Devono poi essere fissati nell’atto costitutivo i criteri e le modalità affinché l’esecuzione dell’incarico professionale conferito alla società sia eseguito solo dai soci professionisti e la designazione del socio professionista sia compiuta dall’utente. La legge stabilisce, infatti, che l'esecuzione dell'incarico professionale conferito alla società professionale va svolto solo dal socio professionista designato dal cliente; in mancanza di questa designazione, la scelta del professionista è effettuata dalla società e deve essere comunicata per iscritto al cliente. Ma sul punto la legge preannuncia un regolamento attuativo del ministro dello Sviluppo economico.

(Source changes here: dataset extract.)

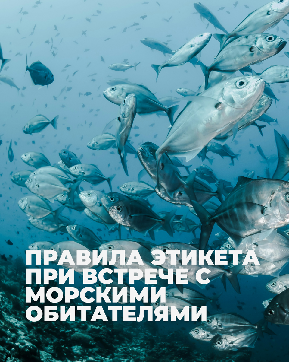 Погружаясь в подводный мир, мы получаем шанс увидеть морских животных в их естественной среде. Но чтобы не нарушить хрупкий баланс и не навредить обитателям глубин, важно соблюдать простые правила поведения под водой. Морские животные не привыкли к людям — наше присутствие - уже стресс для них. Наши неаккуратные действия могут: нарушить естественное поведение (питание, миграцию, размножение), навредить экосистемам (рифы, водоросли), а также создать опасность для самого фридайвера. Основные правила этикета: ❗️Слушайте инструктора. Перед погружением всегда проходите инструктаж, где вам расскажут об особенностях локации и местных обитателях. ❗️Сохраняйте дистанцию. Держитесь на расстоянии 2–5 м — так вы не напугаете животное. ❗️Не трогайте. Прикосновения могут повредить защитный слой на коже рыб и рептилий, делая их уязвимыми к болезням. ❗️Двигайтесь медленно. Осознанные и плавные движения не спровоцируют панику у животных и позволят наблюдать за ними дольше. ❗️Не кормите. Кормление меняе

Alla luce della nuova normativa, sono possibili le società multi professionali, anche se resta da capire come reagiranno a questo ampio raggio di libertà gli ordinamenti professionali che oggi impongono incompatibilità tra una professione e l'altra. Il nodo dovrà essere sciolto con un regolamento del ministro dello Sviluppo economico, il quale dovrà anche disporre norme in tema di iscrizione delle Stp negli Albi professionali nonché di applicazione alle Stp del procedimento disciplinare in caso di violazioni deontologiche.
Viene inoltre espressamente disposta dalla nuova disciplina l'incompatibilità con "la partecipazione ad altra società tra professionisti": a riguardo, non facendo la legge distinzioni, si può dedurre che tale divieto sussiste sia per il professionista sia per il socio non professionista.

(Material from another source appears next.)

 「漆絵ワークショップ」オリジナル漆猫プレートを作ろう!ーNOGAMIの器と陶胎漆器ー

Tra gli elementi di criticità della legge n. 183/2011, vi è sicuramente la possibilità per un soggetto radiato dall’ordine per motivi disciplinari di diventare socio di una società di professionisti. Il comma 4 lettera b dell’articolo 10 della predetta norma prevede, infatti ,l'ammissione in qualità di soci, non solo dei professionisti iscritti a Ordini, Albi e Collegi, anche in differenti sezioni, nonché dei cittadini degli Stati membri dell'Unione Europea, purchè in possesso del titolo di studio abilitante, ma anche di “soggetti non professionisti soltanto per prestazioni tecniche, o per finalità di investimento”. Da qui la possibilità per il radiato di diventare socio di una Stp, come socio di capitale, magari in posizione dominante, atteso che la legge, peraltro, tace sulla ripartizione del capitale tra professionisti e non.
Tale possibilità è estremamente pericolosa, atteso che la sanzione della radiazione è prevista in ipotesi di gravi violazione al codice deontologico dell’ordine di appartenenza. Ad esempio, ai sensi del regio decreto n.1578 del 27 novembre 1933 sull’Ordinamento delle Professioni di avvocato e procuratore, importano di diritto la radiazione dagli Albi l'interdizione perpetua dai pubblici uffici o dall'esercizio della professione di avvocato o di procuratore; la condanna per uno dei reati preveduti negli articoli 372, 373, 374, 377, 380 e 381 del codice penale (articolo 42). La radiazione è altresì pronunciata contro l'avvocato o il procuratore che abbia comunque, con la sua condotta, compromesso la propria reputazione e la dignità della classe forense (articolo 41).